Filed Under: Environment | Law | National | Politics
More on: cheyenne river sioux, dakota access pipeline, north dakota, standing rock sioux, usace
     
   

Indigenous women participate in a panel discussion as part of Native Nations Rise in Washington, D.C, on March 8, 2017. Photo: Ayse Gorsuz / Indigenous Rising Media

The wealthy backers of the Dakota Access Pipeline are offering more details about oil spill documents they want to keep from tribes and the public.

With oil set to flow through the pipeline in a matter of days, Dakota Access keeps bringing up the possibility for "wrongdoers" to damage the controversial project. That concern is driving the firm's request to keep 11 documents under wraps.

"The intense public attention this case has received, along with criminal actions already taken by those opposed to the pipeline, counsel in favor of extending confidentiality to portions of a small number of documents," the firm's attorneys wrote on Wednesday.

More than 800 people indeed have been arrested in connection with opposition to the pipeline. But none are accused of trying to damage the infrastructure itself, although some were charged after chaining themselves to construction equipment in North Dakota.

Still, Dakota Access contends the public shouldn't be able to see portions of five particular documents regarding oil spill plans at two locations in North Dakota and three in Illinois. The firm says none of the information was used by the U.S. Army Corps of Engineers when it reviewed and approved the pipeline.

"Dakota Access, the party seeking protection, is the entity responsible for operating the pipeline. The public interest favors protecting the information to ensure the safety of vital infrastructure and to avoid reckless damage to the environment," the attorneys wrote.

Further, the firm argues that the Standing Rock Sioux Tribe and the Cheyenne River Sioux Tribe, as plaintiffs in the case, have access to the full contents of all 11 of the documents. But they just can't disseminate the so-called "security sensitive" portions, the filing reads.

According to the firm, "while the route of the pipeline may be well known, this motion is about protecting information that would help wrongdoers target a particular spot on a route that exceeds 1,100 miles."

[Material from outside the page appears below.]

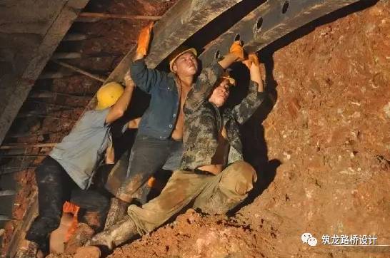 一般而言,岩石隧道挖了之后不会马上垮,而土质隧道由于预先注浆或者打了锚杆(也就是粗点的钢筋)也不会马上垮,这个时候,工人就会按照测量的指示,把一些预先做成隧道轮廓样子的钢拱架安放到指定位置,如下图:

The 1,172-mile pipeline is all but finished except for a small portion on Army Corps-managed land in North Dakota. That portion, which is less than a half-mile from the Standing Rock Sioux Reservation, had been put on hold by the Obama administration in order to address concerns about treaties, water and other issues.

But after President Donald Trump took office on January 20, he ordered his administration to consider the pipeline in an "expedited" manner. Barely two weeks later, the Army Corps approved the final portion without consulting Standing Rock or Cheyenne River.

Tomorrow, we are marching because we want the new President and our new Administration to #TakeTheMeeting; meet with...

Posted by Standing Rock Sioux Tribe on Thursday, March 9, 2017

Standing Rock Sioux Tribe on Facebook: Native Nations Rise

The tribes are still hoping they can stop oil from flowing through the pipeline. They have asked a federal judge to set aside the easement that was granted by the Army Corps to Dakota Access, arguing that the decision was arbitrary and without a solid basis in law.

Briefing continues on their requests as construction crews complete their work in North Dakota. Pipe is being laid under the Missouri River and crude oil could be flowing as soon as next week, the firm said in a status update on Monday.

Meanwhile, Standing Rock leaders and their allies are in Washington, D.C., for Native Nations Rise. The event began on Tuesday with a symbolic teepee camp near the Washington Monument.

On Wednesday, organizers highlighted International Women’s Day with a panel of indigenous women leaders. They discussed efforts to protect their communities from infrastructure projects like Dakota Access.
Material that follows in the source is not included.